Security concerns plague migrant workers

Democrtic Voice of Burma
Jan 24 2010


Jan 22, 2010 (DVB)–Burmese migrant workers are waiting with concern over the new National Verification Programme which will seek to register the millions of migrant workers currently in Thailand.

The plan, which involves migrants from Burma, Laos and Cambodia registering with the government in their country of origin, as well as the Thai government, has triggered security fears among the migrant community.

“Many workers are concerned about security, especially their relatives in Burma because there are rumours that local authorities will threaten and extort money from the families of migrant workers,” said Moe Swe of Yaung Chi Oo migrant workers association in Mae Sot, Thailand.

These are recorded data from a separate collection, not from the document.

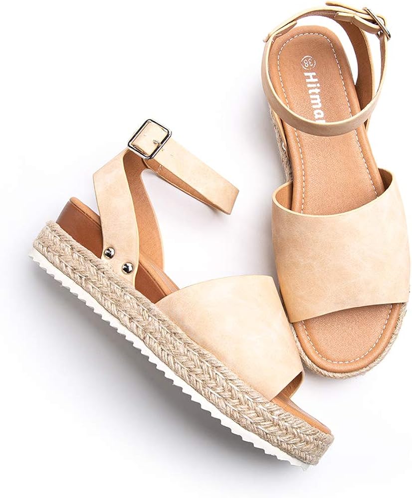 Sandale Femme Compensees Espadrilles Ete Cuir Plateforme Bout Ouvert 5 Cm Talon Chaussure Plates Plage Confort Boucle Kaki 37 Amazon Fr Chaussures Et Sacs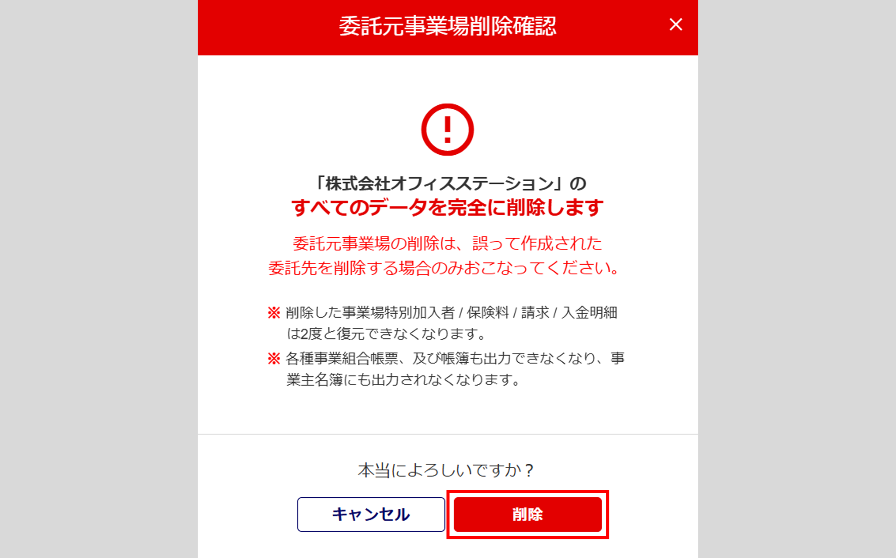 委託設定削除をおこなうと、保険料、請求情報、入金情報、特別加入者などのデータも削除されます。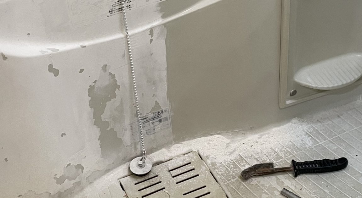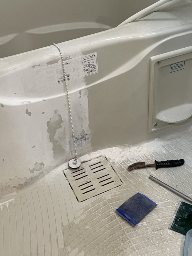 だんだんキレイになってきました(^^) 浴槽右半分が磨いたところ。この差があります。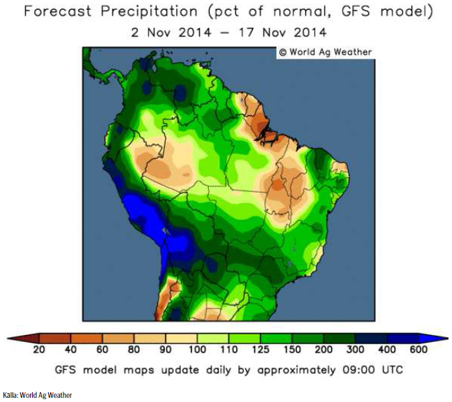 Brasilien ser nu riktigt blött ut i den senaste tvåveckorprognosen. Alla viktiga odlingsområden för soja, majs, vete, kaffe och socker väntas få upp 150 – 300% av normal nederbörd.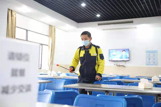 國網(wǎng)重慶璧山供電公司物業(yè)人員對員工食堂進(jìn)行消毒殺菌

“One of the workers’ mothers in Moulmein [Mon state] had money extorted from her by authorities. There was also a group of workers in Phuket [Thailand] who filled out the form and then the local authorities went and extorted money from their families,” he continued.

The Thai government has extended the timeframe for verification to 2012 and a Burmese labour minister has urged migrants to complete the registration. The Thai newspaper, The Nation, reported that the minister had claimed the migrant workers would not be taxed.

Moe Swe said that some of the workers will not complete the National Verification Process, even though they are registered.

“They cannot hold their passport because the employers often keep their passports, so the employers always control them; they still won’t have the freedom it is meant to give them.”

There is also the concern about the price of documents and travel for registration, which could discourage many.

It could also mean that migrants enter into exploitative bonded labour with employers, whereby they take out a loan on to attain the documents and then spend a year working off the loan in poor conditions.

“It is a good thing,” said Moe Swe, but “in reality there are several problems”. For example, ethnic minorities who live outside of Burmese government territory no longer appear on ‘family lists’, and so therefore will have trouble registering in Thailand. The process relies on a claimant having a country of origin and being able to prove that.

Furthermore, decades of military rule in Burma have caused an absence of competent bureaucracy, and fuelled a reluctance to give the authorities personal information for fear of the abuse.